Note: Yes, he lives in Spain. I guess he missed my dating radius that certainly didn't exceed thousands of miles.
"I see you are looking for a gentleman who is honest and faithful, not afraid to hold hands or show affection. I will not boast abut being honest as you will find that out in time, as for the rest, I am. Let me know if you would like to chat more."
Note: I didn't say a word about wanting a gentleman or someone who is affectionate and wants to hold hands.
So after the three days of e-mails and winks and the end of the trial period, I only ended up responding to three guys. The one I was most interested in actually lives here, which is surprising since there are very few guys meeting my criteria in Macon on Match. I've already mentioned some of "Ken's" attractive traits that I could ascertain from Match and e-mails. One potential red flag was that he only had one photo, but I realize not everyone is the photo whore that I am. So we exchanged e-mails for a few days, and it was clear that Ken is very intelligent and educated. Oh, bonus points for no typos, misspellings, excellent grammar/commas usage, and some interesting book recommendations.
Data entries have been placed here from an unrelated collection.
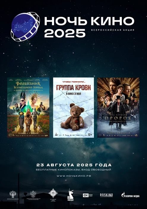 А 23 августа, накануне Дня российского кино, в Ульяновской области пройдет юбилейная, десятая «Ночь кино». В этом году к акции присоединятся 53 площадки – 49 кинозалов в селе Ундоры, р.п. Радищево, п.г.т. Новоспасское и других районах области. В Ульяновске показы пройдут в кинозалах «Люмьер», «Современник», «ДК им. 1 Мая», ДК «Руслан». В Димитровграде - в зрительном зале «Восход», в Новоульяновске - на площадке КДЦ «Браво» и в кинозале «Мир 3D». Также состоятся показы на открытых пространствах: во Владимирском саду Ульяновска; на площадке районного дома культуры в Старой Кулатке; в парке «Семейный» в Большом Нагаткино; в парке культуры и отдыха Новой Майны. В этом году в рамках акции покажут военную драму «Группа крови» (12+), волшебное фэнтези «Волшебник Изумрудного города. Дорога из желтого кирпича» (6+), музыкальный байопик «Пророк. История Александра Пушкина» (12+).
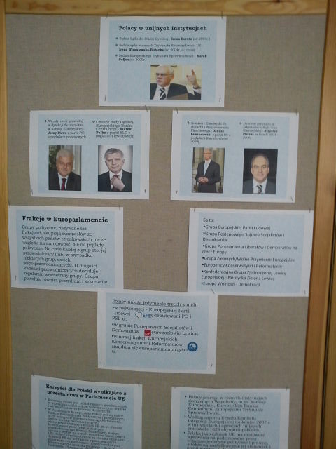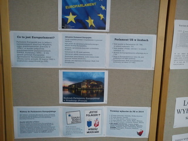 Członkowie SKE „Centauri" przygotowali dla społeczności szkolnej informacje dotyczące: dziesięciolecia Polski w UE, Europarlamentu oraz przebiegu prawyborów w naszej szkole.
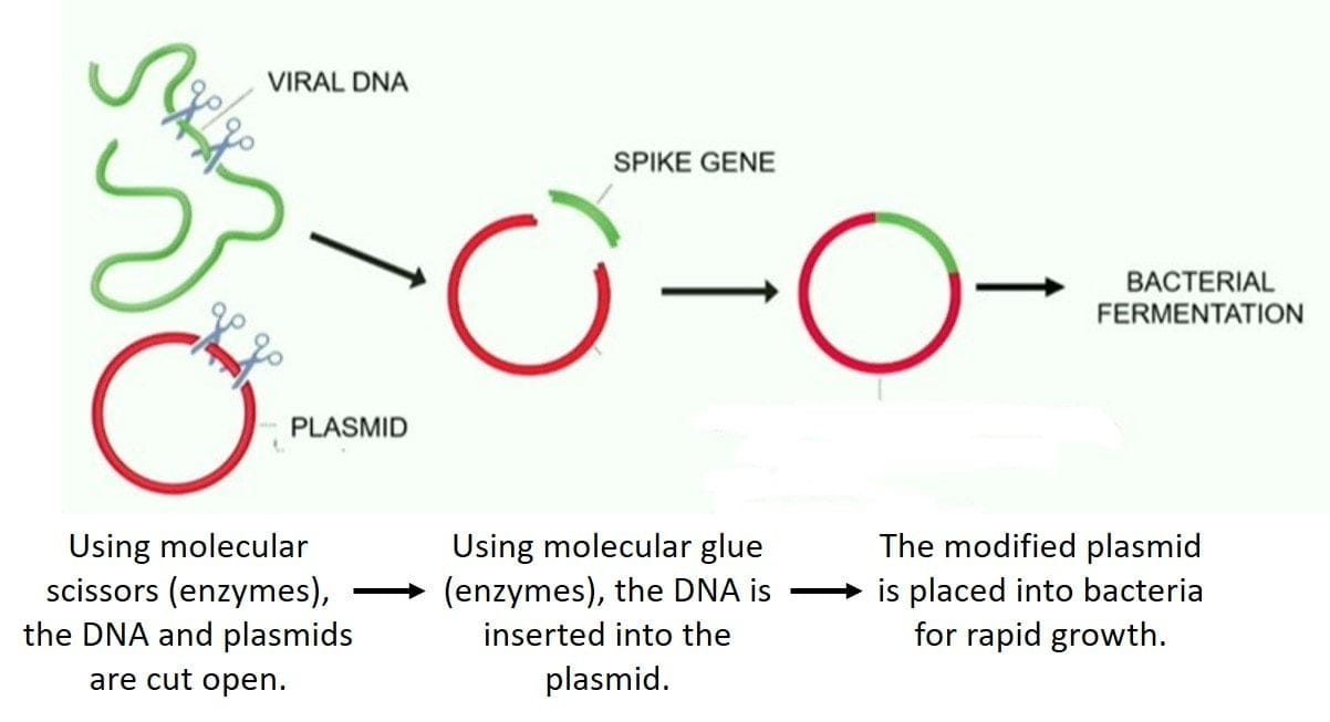 To produce a protein for pharmaceutical manufacturing purposes, molecular biologists take the piece of DNA they want, eg DNA of the spike protein, and use molecular scissors (enzymes) to cut the gene out of the DNA and then insert it into the plasmid, using molecular glue (enzymes). The plasmid is then inserted into the bacteria using a process known as transformation which enables rapid growth and replication.

So he e-mailed me his number, and I called him the next day and we talked for three hours. Yes, three hours. We had some really interesting conversations. He told me he'd like to meet me, etc. and that he'd call me after my busy weekend to plan something. So he called last Monday night, and we talked for a long time again. This time I noticed something I'd picked up a little bit on the first time we talked; Ken is a talker like me, but he doesn't ask many questions. And he has a LOT to say. But no big deal since talking on the phone that long isn't most people's forte anyway. So he asked me to dinner for Thursday night, and we agreed to meet at a bar/restaurant at 8:00.
I almost cancelled because the preparation for next week's trial has required really long hours resulting in a lack of sleep and causing my already purple-ringed eyes to be even darker and bloodshot, but I decided to rally (and use extra concealer) and stick with the plan. So we actually arrived at the same time, and Ken was just as cute as his photo and dressed the way I like boys to dress. Conversation flowed easily, but he (again) just seemed to lack a genuine interest in me. For example, Ken asked me if I've ever been to NYC. I told him I was going in two weeks. Well, I quickly realized he wasn't asking because he was curious about my trip (he didn't really ask any questions about it)--but instead so he could tell me about his trip to NYC.
Granted, I ask a lot of questions, and I've been preparing witnesses the last two weeks and am in total question-asking mode. But I'll bet for every ten questions I asked, he asked one. And while I was talking, I kind of felt like he was just waiting for his next opportunity to talk. I guess I'm just used to guys wanting to get to know me on initial dates and seeming more genuine than Ken. Anyway, after two hours of talking we parted ways with a side hug and "we'll talk soon." My general feeling afterwards was kind of blah until I got home and watched Grey's:)
So...if he calls, I feel like I should give it one more date and try to keep an open mind. Would you? Maybe he was nervous and talking is how it manifests. Or maybe he's just really self-absorbed.
p.s. If you want to watch an incredibly mediocre movie, check out The Last Kiss.